Component Architecture¶
Core modules work together: environment configuration controls behavior, core components power the caching wrapper, which wraps the LLM client and exports metrics to Prometheus.
Decision Tree: When is Caching Applied?¶
Three checks must pass: caching enabled, Gemini model, and sufficient token count.

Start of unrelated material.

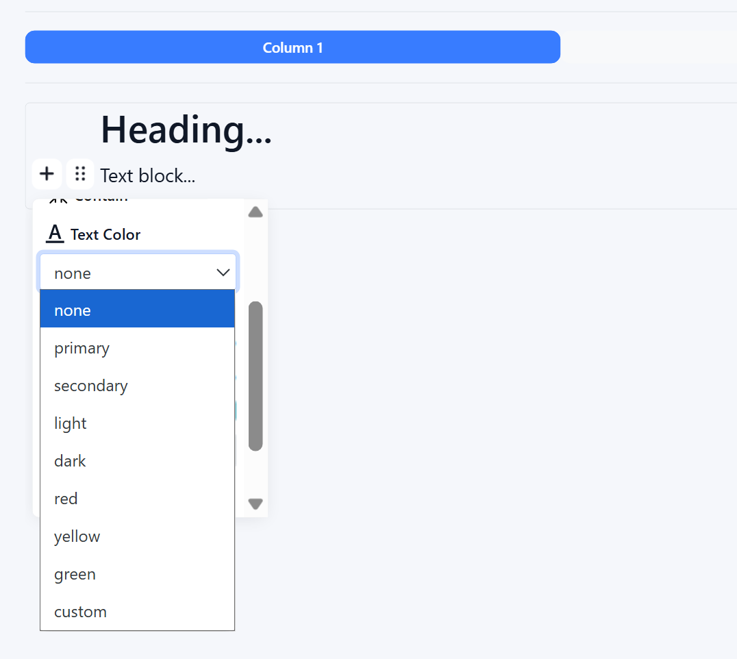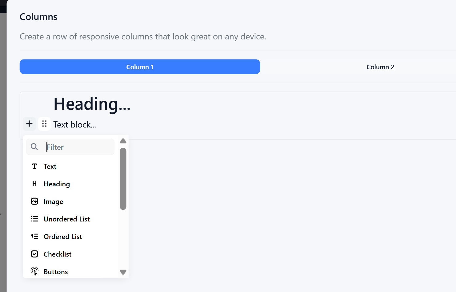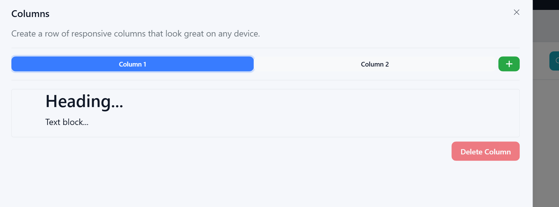 A box will open to customise your columns. To add text, simply highlight the Heading or Text block... and begin typing.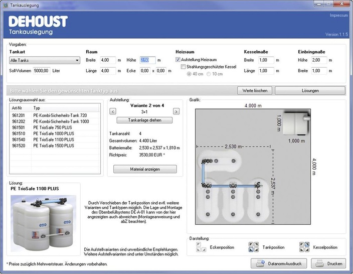 Die möglichen Aufstellvarianten und die erforderlichen Wandabstände – auch in Abhängigkeit des Deckenabstandes – können mit dem Tankauslegungsprogramm von Dehoust leicht simuliert werden. Ausdrucke über den Materialbedarf und die Tankanordnung im Raum mit und ohne Feuerstätte erleichtern die Montage.

If any check fails, the request bypasses caching.
Metrics Flow¶
OpenRouter responses are parsed for cache metrics, calculated for savings and hit rates, recorded to SessionMetrics, and exported to Prometheus.
Complete Request Flow¶
The complete flow from LLM request through client routing, caching wrapper, preprocessing, API call, and postprocessing with metrics extraction.
File Architecture¶
All cache implementation files live in docker/patches/ following Constitution Principle VII (Language Separation): Python code in docker/, TypeScript code in src/.
| File | Purpose | Key Exports |
|---|---|---|
factories.py |
Client routing logic | LLMClientFactory.create() |
caching_wrapper.py |
Patches OpenAI client | wrap_openai_client_for_caching() |
message_formatter.py |
Adds cache_control markers | format_messages_for_caching() |
cache_metrics.py |
Per-request metrics | CacheMetrics, PricingTier |
session_metrics.py |
Session aggregation | SessionMetrics |
metrics_exporter.py |
Prometheus export | CacheMetricsExporter |
caching_llm_client.py |
Wrapper class | CachingLLMClient |
Client Routing¶
The critical design decision in this implementation: Gemini models on OpenRouter must use OpenAIGenericClient to route requests through /chat/completions instead of /responses.
Location: docker/patches/factories.py (lines 305-343)
# Simplified routing logic
if _is_gemini_model(config.model) and 'openrouter' in provider_name.lower():
# Use OpenAIGenericClient (routes to /chat/completions)
client = OpenAIGenericClient(config=llm_config)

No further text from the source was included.